REPSOL YPF S.A. (REP) reported third-quarter earnings of 30 euro-cents per share (45 cents per ADR), compared to the Zacks Consensus Estimate of 43 cents and year-earlier earnings of 58 euro-cents (82 cents per ADR).
 
While earnings was down year over year due to the steep decline in oil and natural gas prices, a sequential increase in net income (€859 million vs. €647 million or $1.23 billion vs. $975 million) shows the signs of recovery in the macro backdrop.
 
Adjusted income from operations during the quarter totaled €859 million ($1.23 billion), down approximately 45% year over year, primarily reflecting the impact of lower oil prices and weak refining margins.
 
Adjusted upstream operating income during the quarter was €302 million ($432 million), down approximately 51% from the year-earlier level due to poor realizations, partially offset by lower exploration costs and a favorable euro–dollar exchange rate.
 
Repsol’s liquids price realizations averaged $62.9 per barrel versus $104.9 per barrel in the year-ago period. The average natural gas price realization during the quarter was $2.1 per Mcf, down more than 54% year over year.
 
Total production averaged 327 MBOE/d (43% liquids), down 1.2% from the year-ago level.
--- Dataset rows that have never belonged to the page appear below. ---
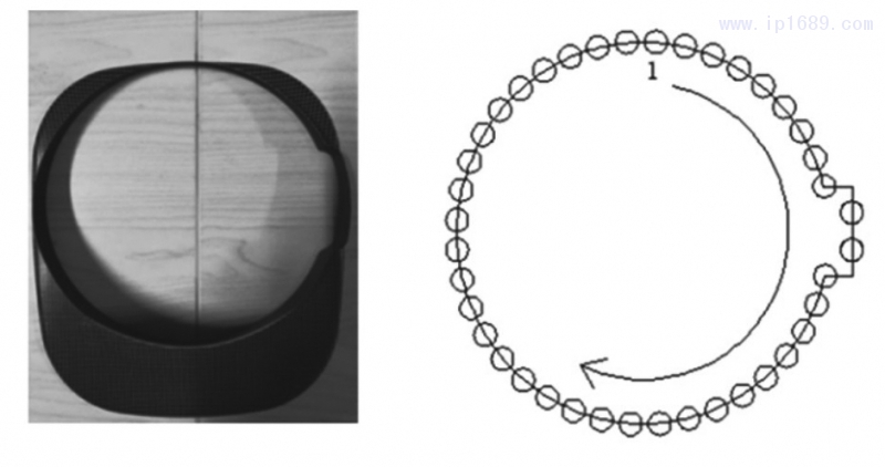 以 某 產 品 成 型 件 為 例 ,將 其 沿 周 向 切 開 ,選 取 40 個測量點,如圖 3 所示,分別測量這 40 個點所在位置的壁厚。成型件薄膜的原始厚度為 0.25 mm,選用千分尺作為測量工具。為了減小誤差,每個點 需要進行兩次測量然后取平均值,記錄并統計各個 溫度下壁厚的測量值。不同加熱溫度下高壓成型件 壁厚的分布如圖 4 所示,其減薄率數據列于表 1。
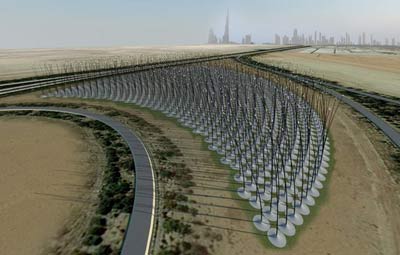 設(shè)計(jì)師計(jì)劃將這一風(fēng)力設(shè)計(jì)應(yīng)用于馬斯達(dá)爾城,這是在阿拉伯酋長國首都阿布扎比市郊區(qū)建造的一個(gè)2.3平方英里,沒有汽車的區(qū)域。據(jù)悉,Atelier DNA設(shè)計(jì)公司的“風(fēng)力莖桿”獲得了大地藝術(shù)發(fā)電機(jī)設(shè)計(jì)競賽第二名,這項(xiàng)設(shè)計(jì)大賽旨在遵循國際條款規(guī)定為馬斯達(dá)爾城設(shè)計(jì)最好的發(fā)電方式產(chǎn)生再生能源。
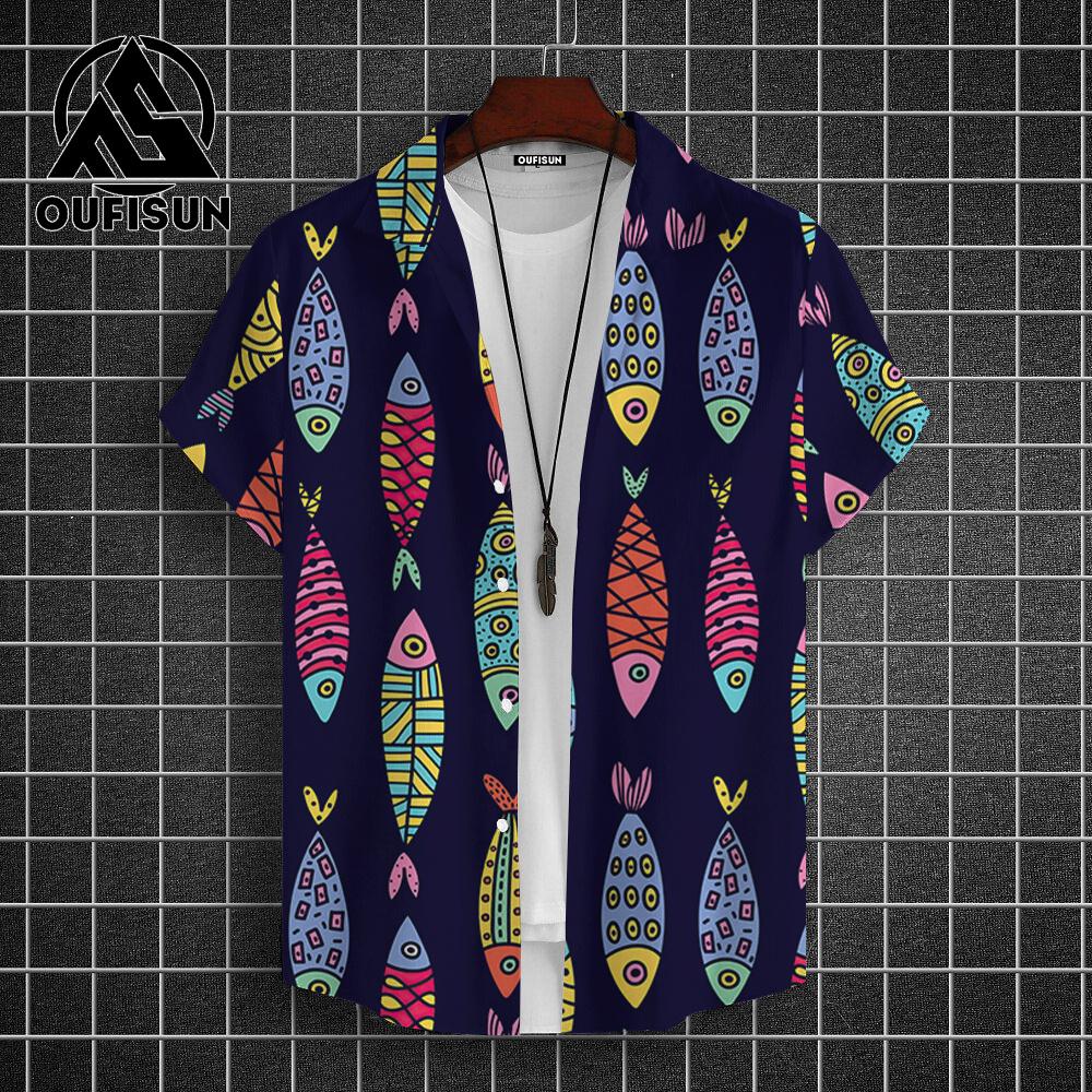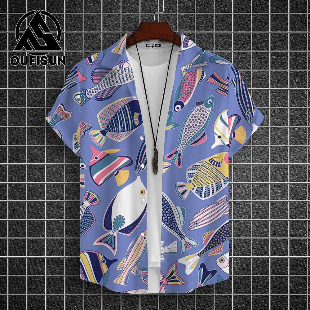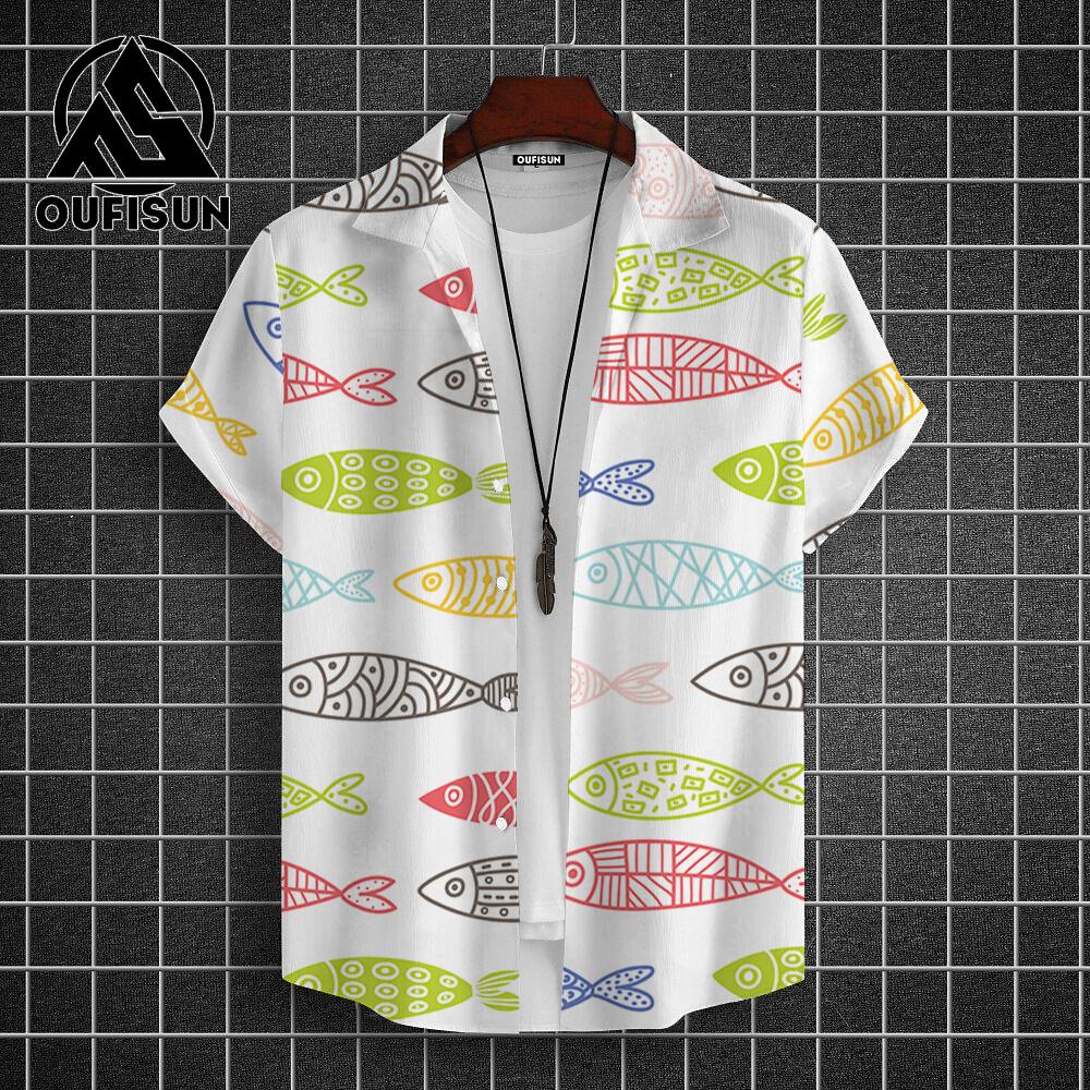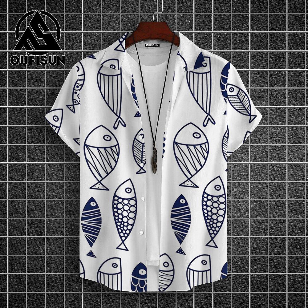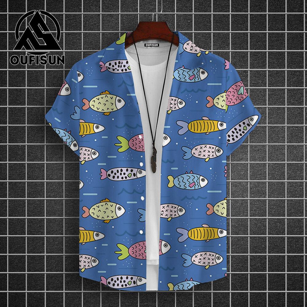 Гавайская рубашка для мужчин, пляжная повседневная мужская рубашка с коротким рукавом, новая симпатичная мужская рубашка с 3D-принтом в виде рыбки, свободная мужская одежда 5xl

After excluding the impact of contractual and regulatory changes and the OPEC quota reduction, volumes were 2.5% higher than in the third quarter of 2008. Investments in the Upstream business segment were €290 million ($414 million), down approximately 23% from the year-ago level. Exploration expenses were down 22.2% year-over-year to €70 million ($100 million).
 
Adjusted operating income from the Downstream segment was €206 million ($294 million), down 47.3% year over year, mainly due to the impact of lower refining margins.  Repsol realized a refining margin of 30 cents per barrel, down nearly 96% year over year. The company invested €457 million ($653 million) in its Downstream segment during the quarter.
 
Adjusted operating income from YPF was €211 million ($302 million), down 53.2% from the year-ago quarter, reflecting lower liquid sales, partly offset by lower operating costs.
 
The company’s adjusted income from operations in Gas Natural SDG was up 63.8% year over year to €226 million ($323 million). Finally, Repsol’s LNG division earned €5 million ($7.1 million) during the quarter, down nearly 87% from the prior-year quarter.
 
Repsol’s net debt was about €10.58 billion ($15.12 billion) at the end of the quarter, reflecting a net debt-to-capitalization ratio of 29.6%.
 
We believe that the long list of challenges facing Repsol will continue to weigh on its valuation, limiting its upside from current levels. These include declining reserves, weak volumes, very low reserve lives and rising costs. Consequently, we maintain our Neutral rating for the stock.